The proceedings offered a rare peek into the reality of how a massive criminal enterprise is run on a daily basis. In 2008, Guzman commissioned an encrypted communication network used among members of his inner circle to evade authorities, according to witness testimony. The technology led to his downfall when the Colombian I.T. specialist who built the network for him betrayed him and gave U.S. authorities key access to the entire system. Prosecutors used the intercepted messages from the system as evidence of Guzman’s drug trafficking activities.
The trial, prosecutors said, also revealed all the innovative ideas Guzmán initiated to secretly ship significant amounts of narcotics into the U.S. almost undetected. He used planes, trains, cars, and submarines—and even smuggled hundreds of millions of dollars worth of cocaine across the U.S.-Mexico border by hiding the drugs in jalapeño pepper cans. “It was his skill to come up with new ways to send drugs that kept him at the top of the cartel,” Goldbarg told the jury.
Guzman is perhaps most famous for breaking out of two Mexican prisons. In 2001, he first escaped from the Puente Grande prison by hiding in a laundry cart. He was recaptured in 2014 in Mazatlán, Mexico—only to break free from the Altiplano prison, using a sophisticated mile-long tunnel in 2015. Guzman was re-arrested the next year and extradited to stand trial in the U.S. in 2017.
Goldbarg alluded to the repeated jail breaks in her closing arguments. “Do not let him escape responsibility,” the prosecutor urged the jury. “Hold him accountable for his crimes.”
It’s unclear whether the trial will have any far-reaching implications in the fight against drugs. Researchers have long found that the demise of individual kingpins may in fact do little to impact the illegal drug trade, as other criminals will step up to take over the vacant roles, often triggering more violence.
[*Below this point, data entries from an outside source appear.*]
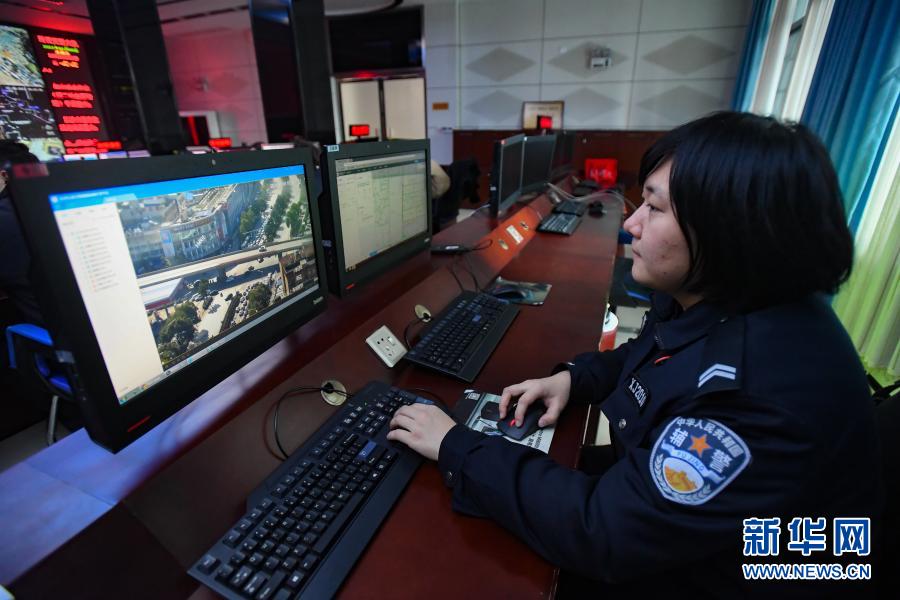 1月8日,在长沙市公安局交通警察支队雨花大队,工作人员通过视频监控查看道路情况。新华社记者 陈泽国 摄
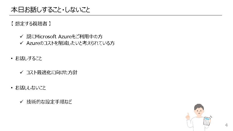 Azureのランニングコストに頭を抱えている方や、効率的な利用法を学びたい情報システム部門の方は、ぜひご参加ください。
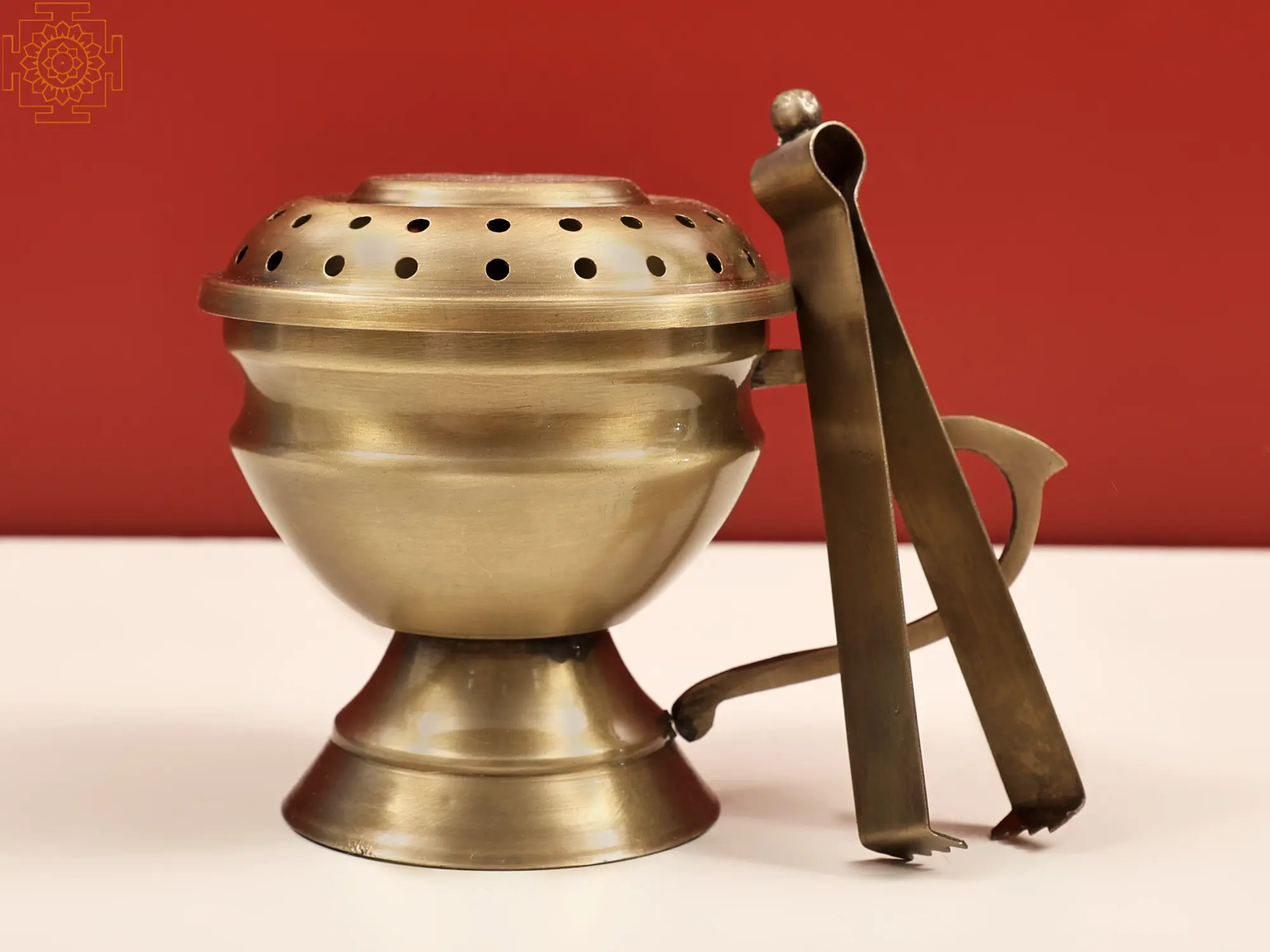 Choose the traditions of over a century in from of this Brass Dhuna with Tongs, a contemporary dhoop danhi (incense burner) and enhance your spiritual journey. The Dhuna carries the traditional form of a vessel with a beautiful handle and a beveled bottom. The lid has some punched-in holes whereas the tongs are used to place the dhoop into container. The lid has perforations that are strategically placed for the dhoop smoke to flow gently and fill in the room with a soothing atmosphere. Experience the rituals and aroma of divinity with this authentic and sophisticated Dhoop Dani which is a proof of the eternity of the ancient customs.
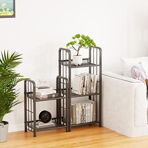 Azheruol Bookshelf Storage Shelf Bookcase Freestanding Storage Stand for Living Room, Bedroom, Kitchen, Rust Resistance, Easy Assemblyl Free Combination Multi-Functional Organizer (3 Tiers, Black)
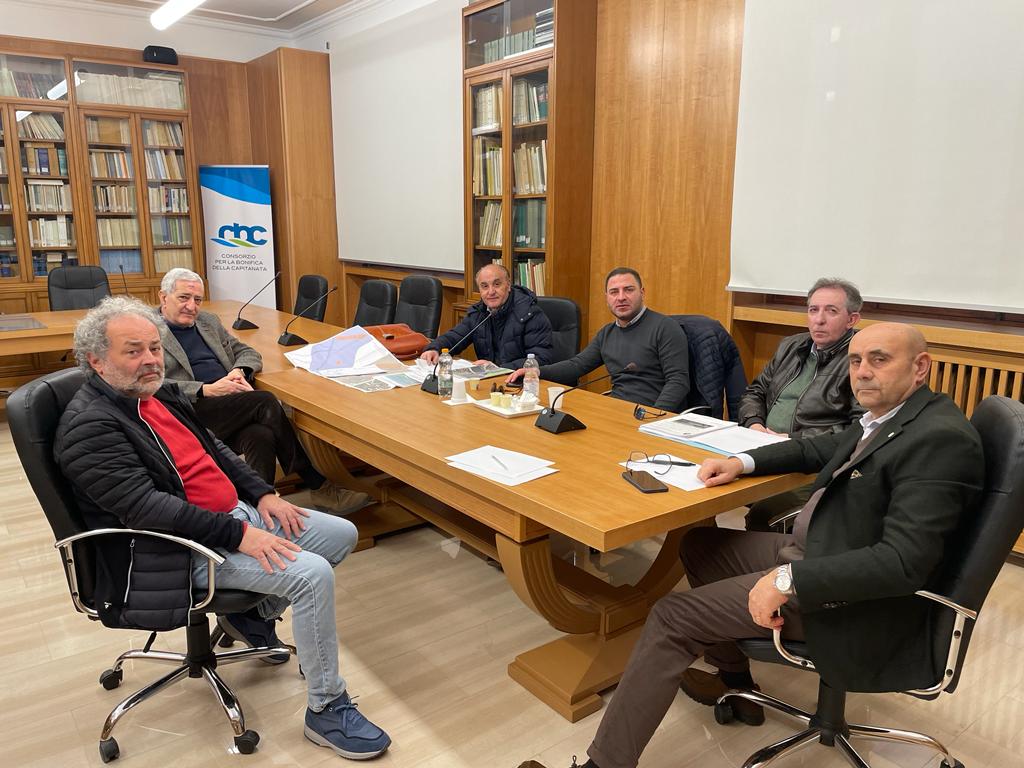 Il Sindaco Luigi Di Fiore, accompagnato dai tecnici Coppolella e Datti, ha incontrato il Direttore Generale del Consorzio dott. Francesco Santoro, il Direttore dell’area Ingegneria ing. Raffaele Fattibene e il dott. Alfredo Pitullo, per programmare interventi di manutenzione sulle aree rientranti nel polder di Ciccalento e sul controfosso del Candelaro.
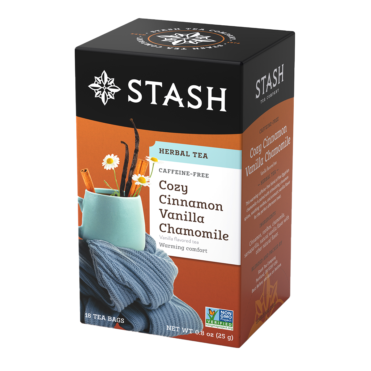 Cinnamon, rooibos, chamomile, sarsaparilla, natural vanilla flavor.
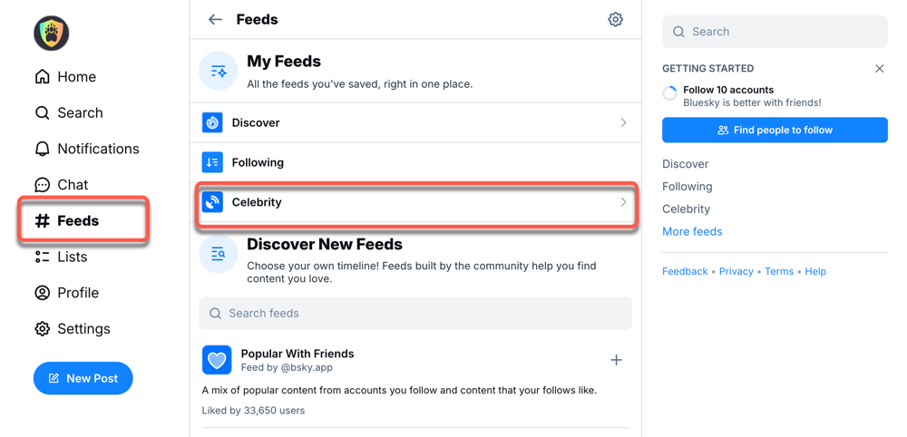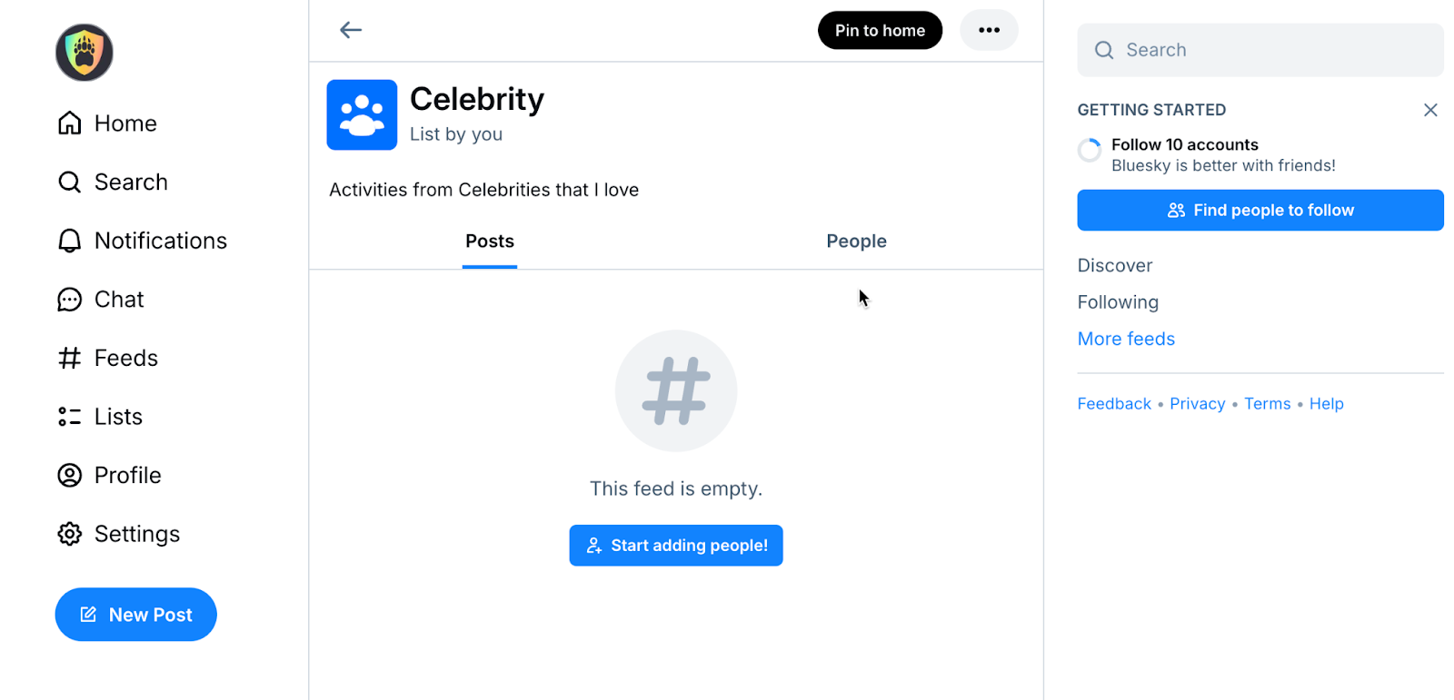 4. 單擊固定到主頁這樣,當您在左側欄中選擇#Feeds 時,您就會看到您保存為 Bluesky feed 的人。無論您是否關注此人,這都有效。
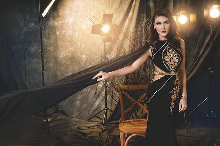 Dengan hairdo kece dan makeup yang flawless, bintang film horor THE DOLL ini tampak begitu memukau dalam balutan gaun hitam. Busana dengan potongan unik dan payet indah ini makin kece dengan tambahan jubah pada bagian belakang.
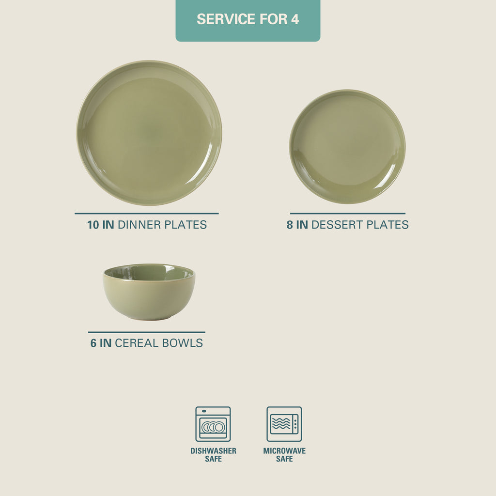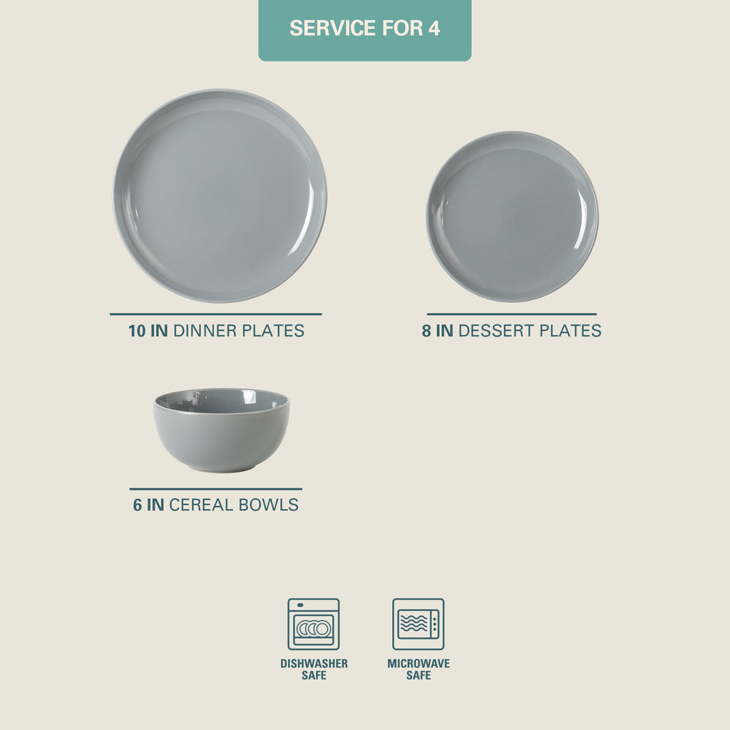 The set offers service for four including 4 dinner plates, 4 dessert plates, and 4 bowls. Bring fashionable elegance to your home today with the Rockaway dinnerware set and make sure to check out other color options for mix-and-match opportunities.
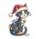 Christmas Cat Tuxedo black cat xmas lights kitty c
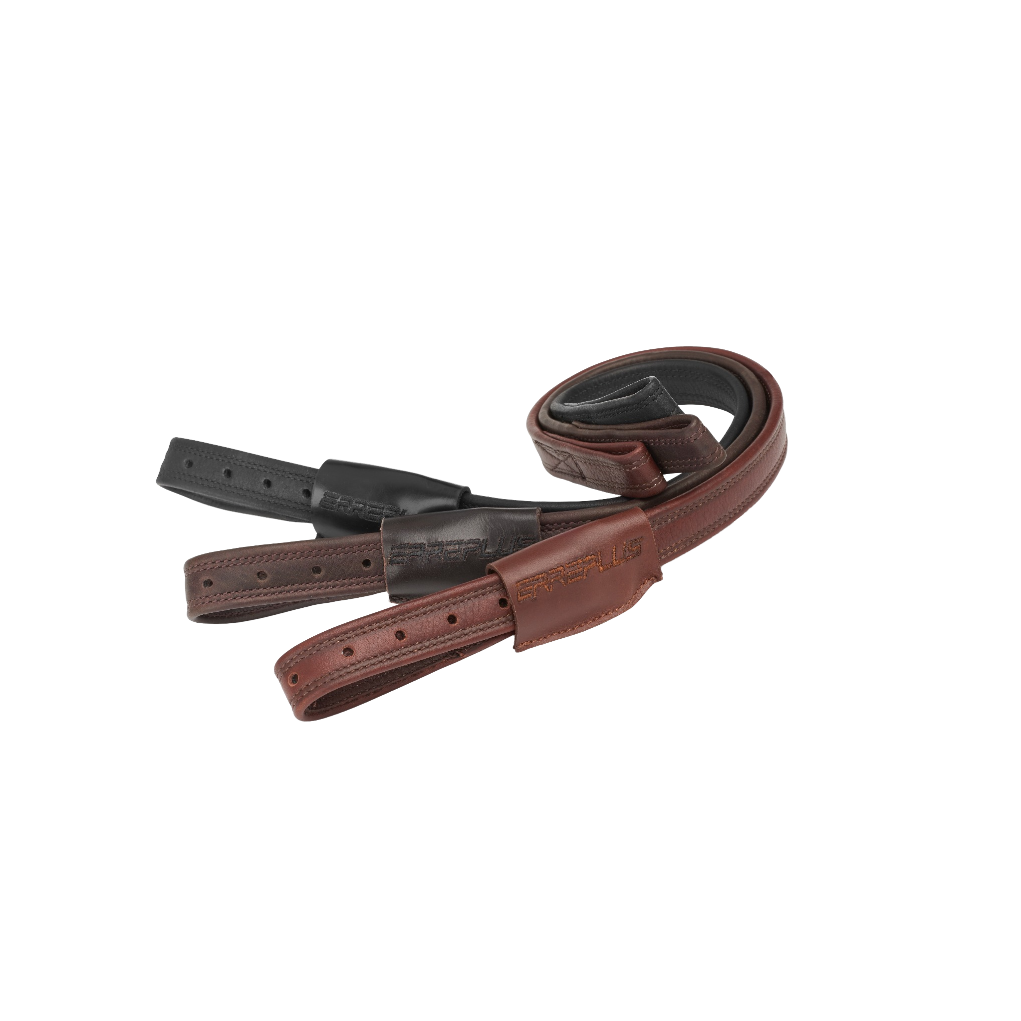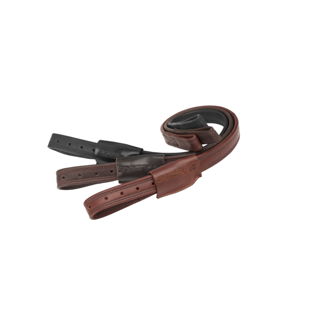 De riemen hebben een 3-laagse structuur van kalfsleer – webbing – kalfsleer, wat zorgt voor extra stevigheid en voorkomt uitrekken. Ze zijn bovendien speciaal vervaardigd als linker- en rechterriem; let er dus altijd op dat je de juiste positie aanhoudt bij gebruik.

Mexican criminal enterprises like the Sinaloa Cartel pose the greatest illegal drug threat to the U.S., according to the DEA’s latest National Drug Threat Assessment. The cartels are also believed to be responsible for record-breaking levels of violence in Mexico. In 2018, Mexican officials opened 33,341 murder investigations, a 33 percent increase over the prior year and a new high.
“The violence now associated with drug trafficking organizations in Mexico is of an entirely different scale,” analyst June Beittel wrote in a 2018 Congressional Research Service report about organized crime, which was unrelated to Guzman’s federal trial.
Since Mexican President Andrés Manuel López Obrador assumed office in December, no drug kingpins have been arrested there—a status that’s unlikely to change anytime soon. On Jan. 30—the very day prosecutors gave their closing arguments in the El Chapo trial—President Andrés Manuel López Obrador declared an end to his country’s war on drugs, saying he would no longer prioritize capturing cartel bosses, in hopes of breaking the cycle of violence. “[Arresting them] is not our main purpose,” said Obrador. “The main purpose of the government is to guarantee public safety.”
Obrador’s announcement was met with skepticism that it would lead to any real change in Mexico. But even as the most famous example of such an arrest played out in Brooklyn, the trial of El Chapo—full of revelations as it was—offered little by way of another path forward.